Modern Pagans don't have a bible, either. What we have is what's left of the ancients' stories and plays about whichever gods and goddesses we follow. Like the ancient Greeks, we're not obsessed with what we need to do to get to heaven; instead, we're focused on doing the best we can in this world, right now.

***

I am a Pagan polytheist and animist. I follow and honor gods and goddesses from several pantheons: Mokosh, the Slavic goddess of the earth and of weaving and spinning; Brigid, the Irish goddess of weaving, smithcraft and poetry; Lugh, the Irish god of light; Morrigan, the Irish goddess of sovereignty and war; Perun, the Slavic god of thunder and justice; Athena, the Greek goddess of wisdom and strategy; and Luna, the Roman goddess of the moon. 

***

The only Greek god I follow is Athena. But I poured a little offering of water at each temple we visited anyway. It felt like the right thing to do. And I think the gods appreciated knowing that some folks still honor them.

***

Three observations before I wrap up: 

1) I found it interesting that Athens, the ancient city-state that prized democracy and the arts, is now a metropolis of three million people, while Sparta, the ancient city-state that prized military order, has a population of only about 20,000 people today. The modern city is built atop the old one, and what remains of ancient Sparta is not well preserved; the Bronze Age site of Messene is better developed, and extensive excavations only began there in 2007. It almost seemed to me like the Greeks don't care to emphasize Sparta's violent past.

2) While touring all these ancient sites and seeing so many big chunks of temples in pieces, I thought of all the home-improvement TV shows in which some guy screws something to something else and says, "That's not going anywhere." I could almost hear the ancient Greek stone masons, echoing down the ages, saying the same thing. (In the case of the Acropolis, it didn't help matters that the occupying Ottomans were using the place to store gunpowder; the attacking Venetians lobbed a mortar shell into the building in 1687, blowing out pillars on one side and destroying the structures inside.)

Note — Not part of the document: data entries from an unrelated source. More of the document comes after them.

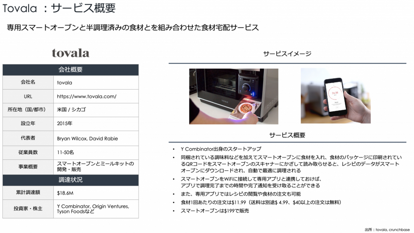 例えば、アメリカのtovalaではスマートオーブンを販売しつつ、レシピ付き食材もサブスクリプションサービスとして提供しています。しかも、オーブンと食材・レシピの連動性が高く、送られてきた食材の包装についているQRコードをスマートオーブンのスキャナーで読み込むと、レシピのデータがスマートオーブンにインプットされ、自動的に調理される仕組みになっています。
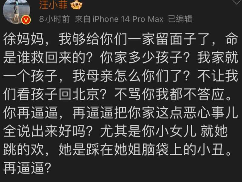 而就在不久之前,大S和汪小菲再次展开了骂战,甚至连双方家长都纷纷出面,一时之间两个家庭闹得不可开交。
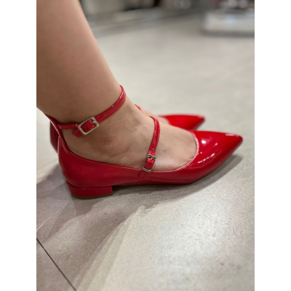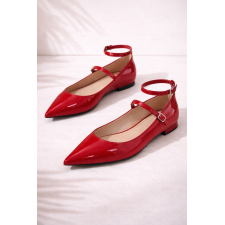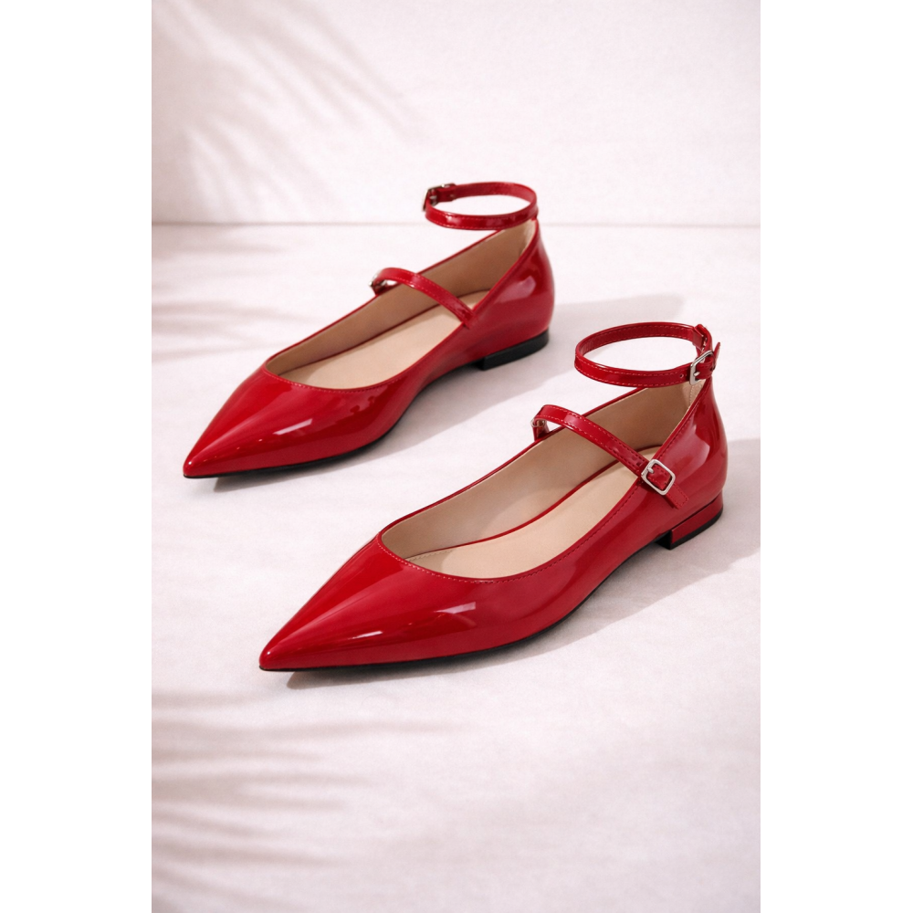 Ballerinas en acabado charol rojo intenso, diseñadas para destacar con un aire femenino y sofisticado. Su silueta de punta fina estiliza el pie, mientras las delicadas pulseras con hebilla aportan sujeción y un detalle elegante que eleva el diseño.

3) The Acropolis Museum in Athens is worth a stop on its own. Of course, the topic of the Elgin marbles came up during our tour. In the early 1800s, the seventh Earl of Elgin "acquired" from the occupying Ottomans a bunch of statuary from Greece, including a haul from the Parthenon. He eventually sold everything to the British government, which put it on display in the British Museum. Our guide in Athens was confident that the marbles would eventually be returned. Negotiations over an elaborate swap of the marbles for other Greek antiquities have been ongoing since 2021, but the sticking point is that the Brits say they were legally acquired, while the Greeks say they were looted. Personally, I think the Brits are stalling.

***

These moments of opinionated Greek tourism have been brought to you, as a public service, by Lynne Cantwell. C'mon, England, give that stuff back to Greece already.

Sunday, April 26, 2026

Another near miss for Trump; and a shower lighting dilemma.

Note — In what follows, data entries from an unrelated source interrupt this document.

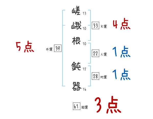 嵯峨根鈍器さんの画数の鑑定結果
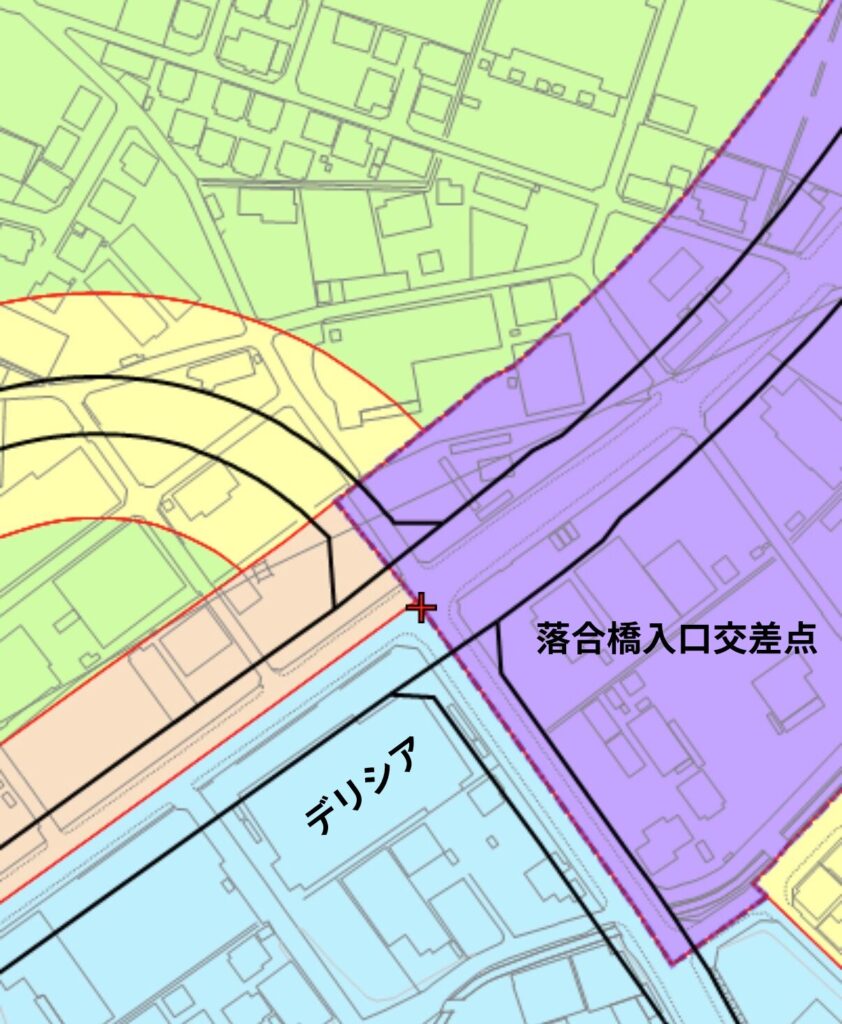 都市計画図を確認すると、黒い線が拡張後の道路幅となります。建物に拡張予定の道路がかすかに被っていることが分かります。
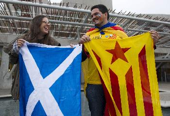 (蘇格蘭)蘇格蘭獨立公投失敗,歐洲多國表示歡迎,其中西班牙政界認為,這次公投結果對分離主義者造成打擊,但鬧獨立的加泰羅尼亞自治區主席馬斯表示,儘管蘇格蘭公投失敗,他將繼續推動舉行加泰羅尼亞脫離西班牙獨立公投。
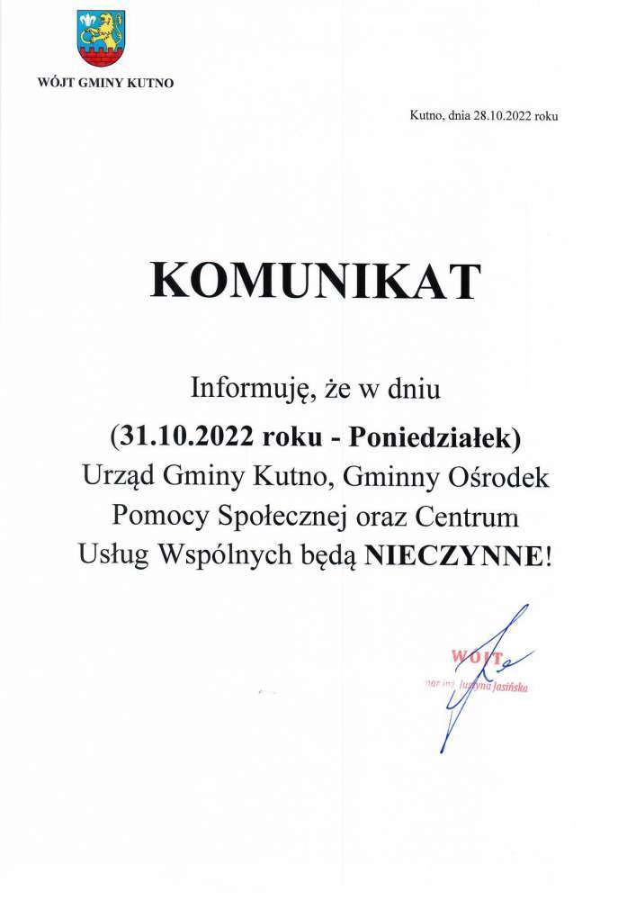 Poniżej komunikat Wójt gminy Kutno Justyny Jasińskiej.
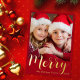 Elégante carte de vacances rouge saisonnière avec votre photo, "Merry" dans un grand script élégant fait de véritable feuille d'or et votre nom et l'année.
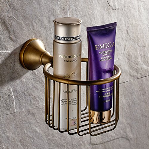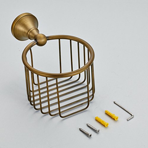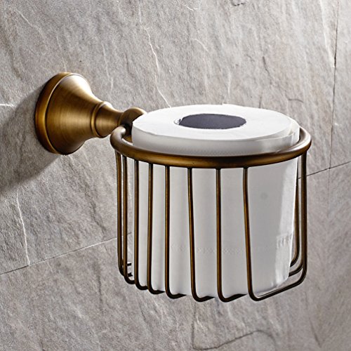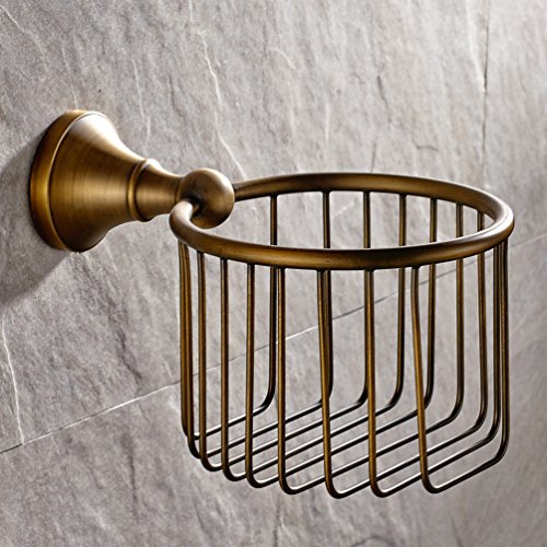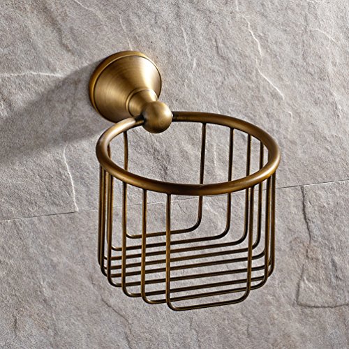Vintage Antique Brass Finish Toilet Paper Holder Wall Mounted Bath Storage Basket

Gods ding it, he's done it again. I had a nice, breezy little post planned for this week, and then Trump sucked all the air out of the room again by showing up at the White House Correspondents' Dinner and maybe attracting a shooter. So I will address that first, and then I'll add a shortish version of my breezy little post at the end. 

***

I feel like the best thing I can do right now, when so little is known -- and when, let's be honest, we don't know how much to believe of what either the administration or the pundits are saying -- is to answer some of the conspiratorial questions I've seen online today.

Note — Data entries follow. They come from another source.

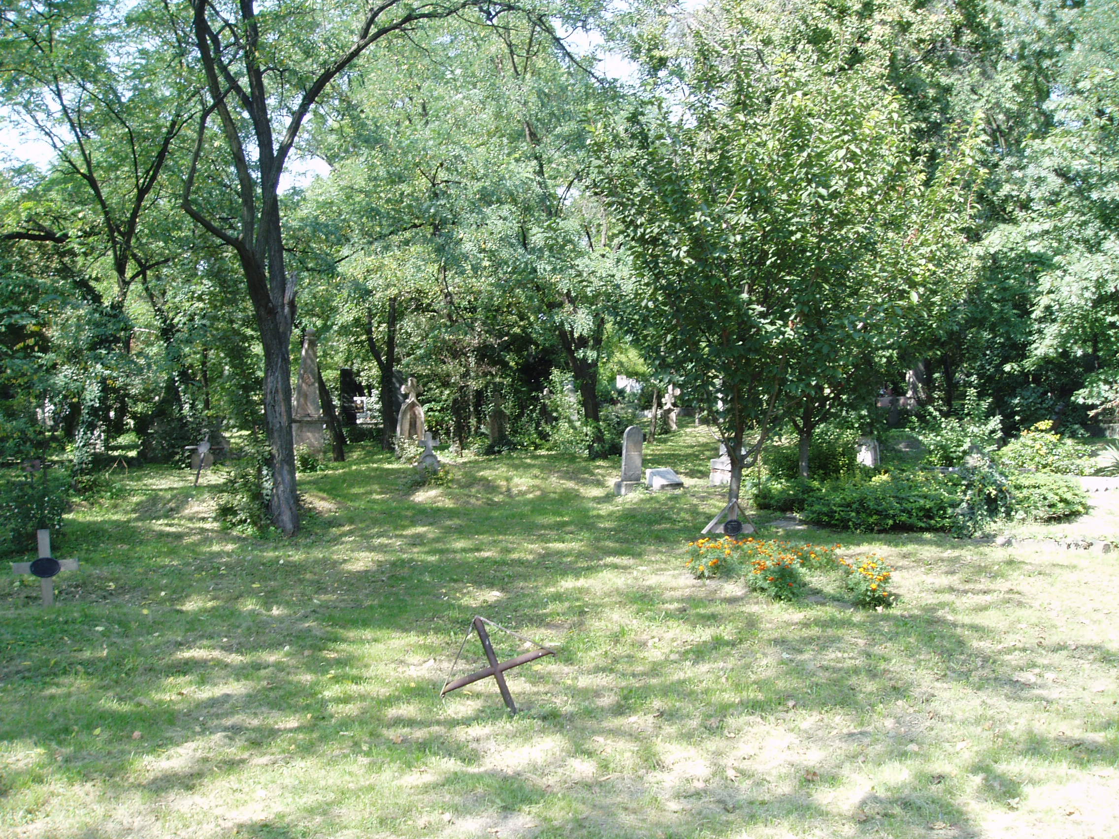Nyilvános 1122 | 2189 | Szentendre, Pátriárka utca: régi szerb temető | A Beográda-templom szomszédságában, a város szívében, magányos, csendes, s kissé elhanyagolt szigetként terül el a régi szerb temető. A fénykép 2005 szeptemberében készült. |
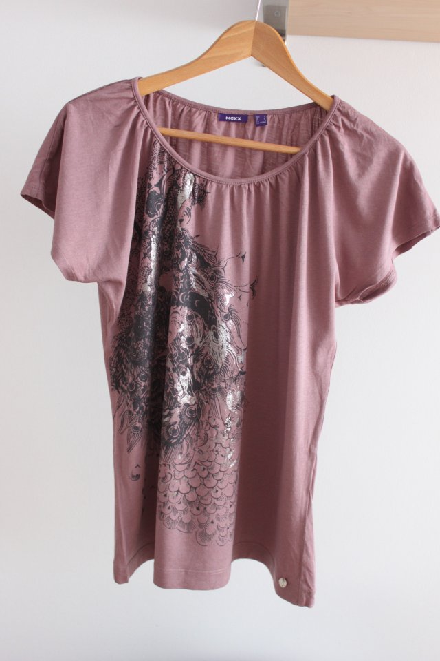 Bluzka w kolorze brudnego wrzosu z aplikacją w kolorach: grafit, srebro. Na metce rozmiar L. Szerokość bluzki mierzona pod biustem 50cm, długość 66cm. Materiał 50% bawełna, 50% wiskoza. Stan bardzo dobry.
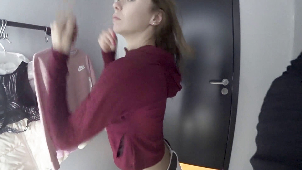 My boyfriend never gets bored when we go shopping, because I always take him with me to the fitting room. I wanted to give him a classic fitting room blowjob, but he got heated. He grabbed my hair and started to fuck my face. But that's not all. If you think your girlfriend is naughty for blowing you in the fitting room, she needs to step up her game. I let my boyfriend fuck my tight ass in there, with people walking all around us. It was a nice anal quickie and he ended up cumming all over my face and boobies. I don't like to waste delicious sperm, so I picked it all up with my fingers and put it in my mouth. When we got out of there, I still had a bit of cum at the corner of my mouth.
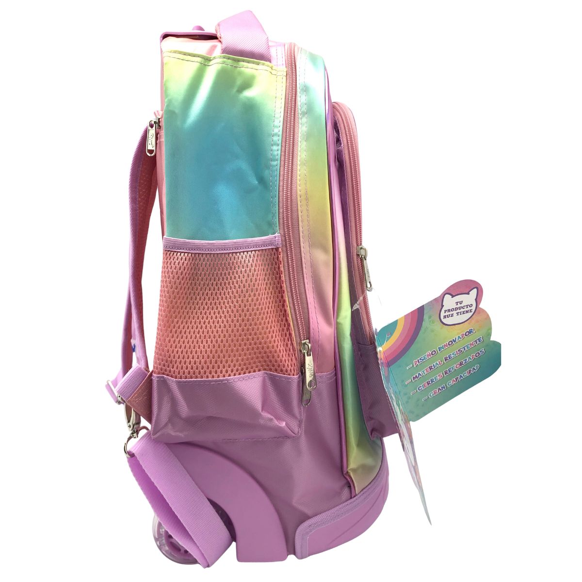 La mochila que convierte cada día de clases en un mundo mágico. Diseñada para niñas que aman los colores, los personajes cute y los detalles que hacen brillar su estilo.Su diseño combina gatitos adorables, un unicornio soñador y tonos pastel tornasol que roban miradas en cualquier pasillo. Es más que una mochila… ¡es su compañera de aventuras!

  • How did the alleged gunman (hereinafter AGM) get his weapons to DC from California? He took Amtrak. Security is just not as crazy on passenger trains as it is on flights. I don't recall ever having to step through a magnetometer before boarding an Amtrak train. (But you can bet your ass that will change now. Thanks a lot, AGM.)
  • Okay, but how did the AGM get his weapons past security at the hotel? He was a hotel guest. Think back to the last time you checked into a hotel. Did you have to pass through a magnetometer at the door? No? Neither did I. If the AGM checked in sufficiently ahead of the event -- say, sometime Friday -- the security checkpoint for the dinner probably wasn't even set up yet. And he wouldn't have had to get past that until Saturday night. Plus which, guys, it's a hotel. They host a lot of big events, not to mention guests who have nothing to do with any of the scheduled events. Setting up a security perimeter at the hotel entrance would be a massive inconvenience to everybody with business there that has nothing to do with the correspondents' dinner. Now, I've seen reports that they have in fact done this in the past. If so, why didn't they do it this year? I have no idea.
  • All that said, how did the shooter get so close to Trump? He didn't. The International Ballroom at the Washington Hilton is two floors below the main hotel entrance. The hotel's website has a fun interactive map that allows you to fly around their event space; click the Explore 360 Tour button on this page. It's been a few decades since I attended an event there (the Congressional Correspondents' Dinner used to be held there until it got too big), but I think I recall taking the escalator down to the ballroom. From what I've seen online, the security checkpoint was on the Terrace level, which is between the main floor and the Concourse level. Plus, y'all, the International Ballroom is huge. It seats more than 2,500 people, according to the hotel's website, and the dais is on the opposite side of the room from the doors that attendees come through. So the AGM would have had to get past the magnetometers on the Terrace level, down the escalator, past more agents who were no doubt stationed in the Concourse foyer outside the ballroom, and then past all the journalists at all the guest tables to get to the dais where Trump was seated. He was tackled outside of the magnetometers on the Terrace level. That doesn't seem that close to me.
  • Was the whole thing staged? It's possible. It would have required TFGA's handlers to find a willing patsy, suggest he take Amtrak and stay at the Hilton, and do it all without bringing Trump in until the last minute so he didn't give the game away. Reportedly, it wouldn't have been the first time that Trump was kept out of the loop on an important issue.
  • If it was staged, why? I doubt it would have been all about Trump's White House ballroom plans; he talks about them at the drop of a hat anyway. As a pivot from the Iran war and the Epstein files, and as an effort to bolster his historically lousy approval ratings, sure. As a commercial for his ballroom? Nah.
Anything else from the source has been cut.